### Brief
Print the data verbatim. Leave every image out.

### Stored data
· · · ·

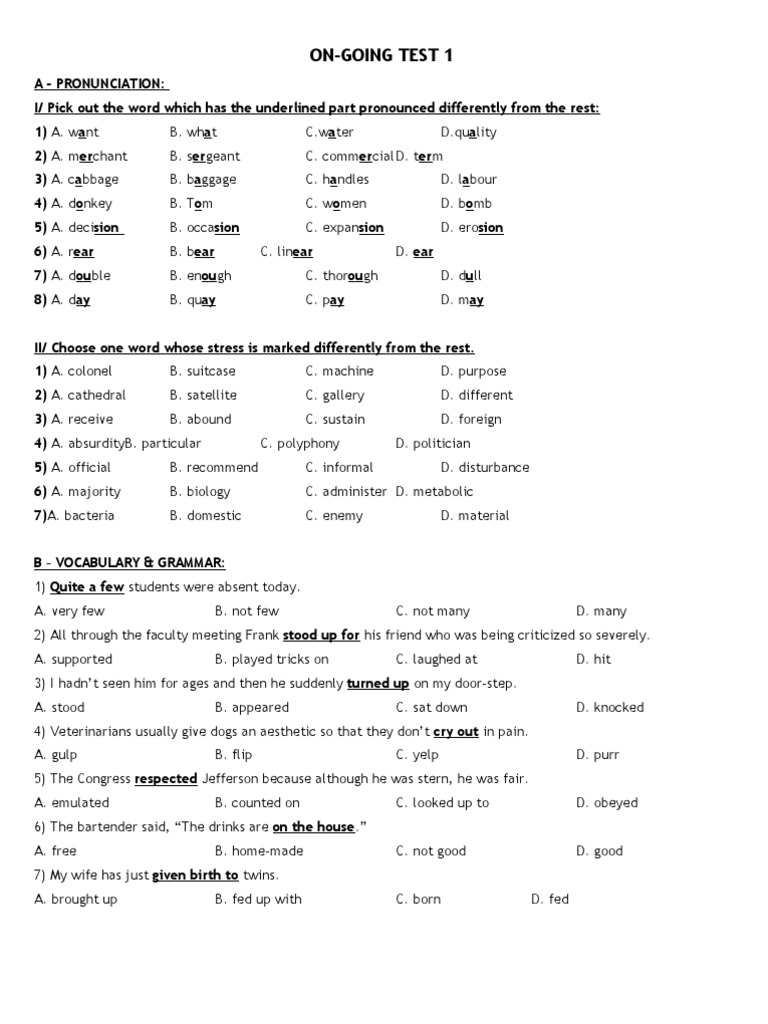 A - PRONUNCIATION: I/ Pick out the word which has the underlined part pronounced differently from the rest: 1) A. want 2) A. merchant 3) A. cabbage 4) A. donkey 5) A. decision 6) A. rear 7) A. double 8) A. day B. what B. sergeant B. baggage B. Tom B. occasion B. bear B. enough B. quay C.water C. handles C. women C. expansion C. linear C. thorough C. pay D. ear D. dull D. may D.quality D. labour D. bomb D. erosion C. commercial D. term
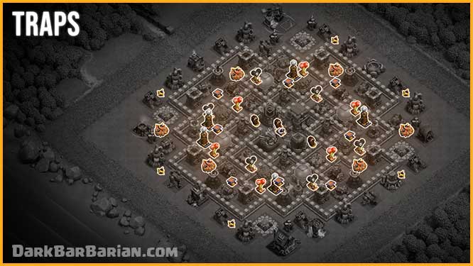 Now, let’s talk about traps. After analyzing countless attack replays, we’ve positioned spring traps and giant bombs based on typical troop pathing. This makes the base much stronger against ground troops like hogs and giants.
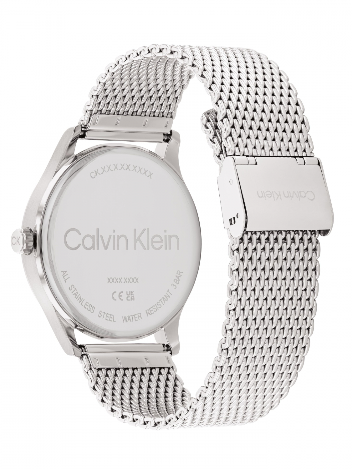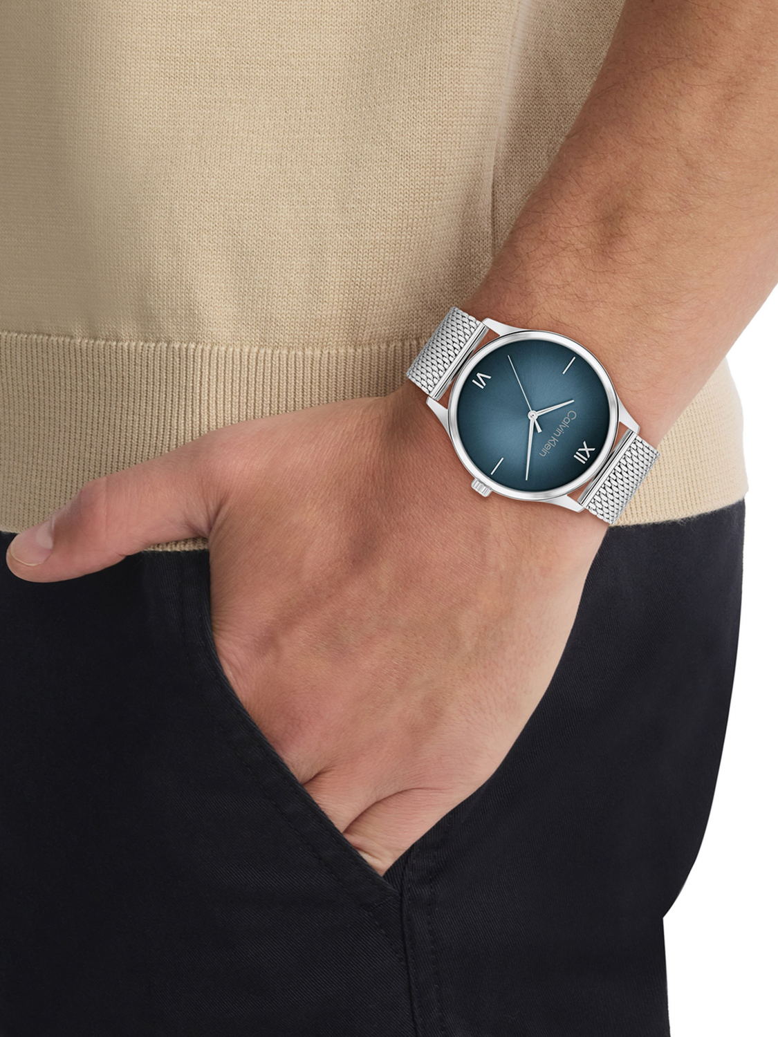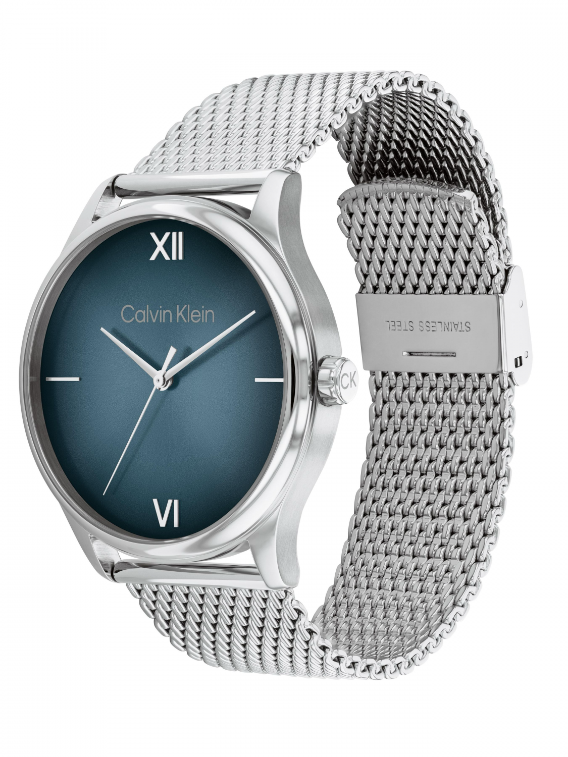 Циферблат синего цвета украшен фирменным логотипом Calvin Klein и защищен минеральным стеклом.
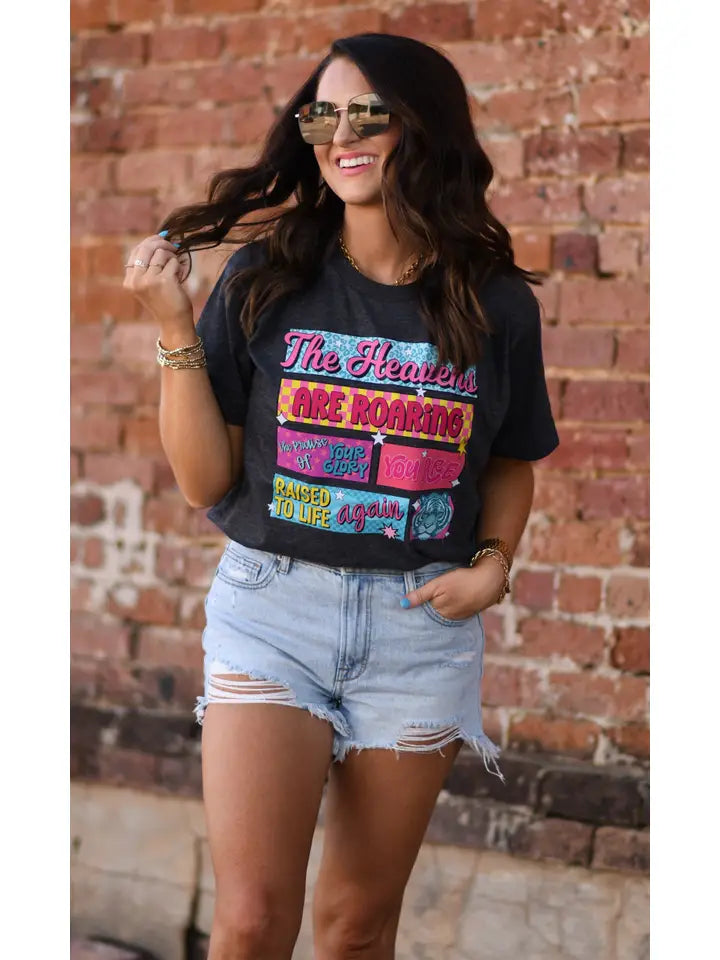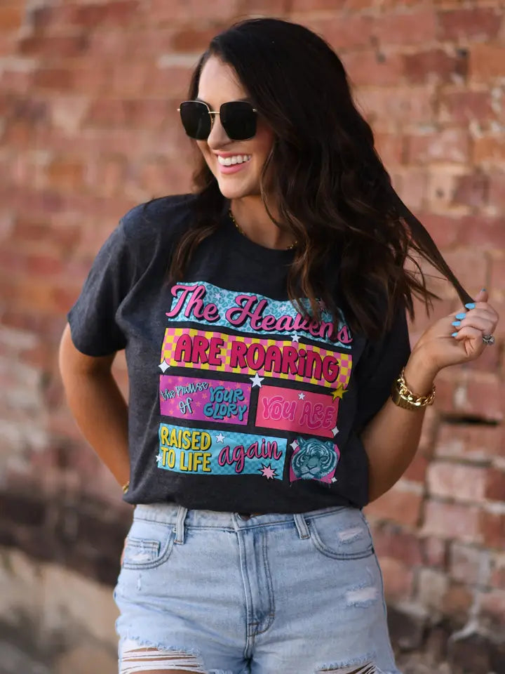Share a powerful message in style with The Heavens Are Roaring Tee. This classic charcoal tee is crafted from a soft and comfortable blend, making it perfect for everyday wear. It features a stunning, colorful graphic that reads, "The Heavens Are Roaring, Raised To Life Again." The design showcases a vibrant mix of fonts and playful pops of pink, blue, and yellow, creating an eye-catching and inspiring look. It’s a beautiful way to wear your faith and spread a message of hope.

· · · ·

### Expected answer
 A - PRONUNCIATION: I/ Pick out the word which has the underlined part pronounced differently from the rest: 1) A. want 2) A. merchant 3) A. cabbage 4) A. donkey 5) A. decision 6) A. rear 7) A. double 8) A. day B. what B. sergeant B. baggage B. Tom B. occasion B. bear B. enough B. quay C.water C. handles C. women C. expansion C. linear C. thorough C. pay D. ear D. dull D. may D.quality D. labour D. bomb D. erosion C. commercial D. term
 Now, let’s talk about traps. After analyzing countless attack replays, we’ve positioned spring traps and giant bombs based on typical troop pathing. This makes the base much stronger against ground troops like hogs and giants.
 Циферблат синего цвета украшен фирменным логотипом Calvin Klein и защищен минеральным стеклом.
Share a powerful message in style with The Heavens Are Roaring Tee. This classic charcoal tee is crafted from a soft and comfortable blend, making it perfect for everyday wear. It features a stunning, colorful graphic that reads, "The Heavens Are Roaring, Raised To Life Again." The design showcases a vibrant mix of fonts and playful pops of pink, blue, and yellow, creating an eye-catching and inspiring look. It’s a beautiful way to wear your faith and spread a message of hope.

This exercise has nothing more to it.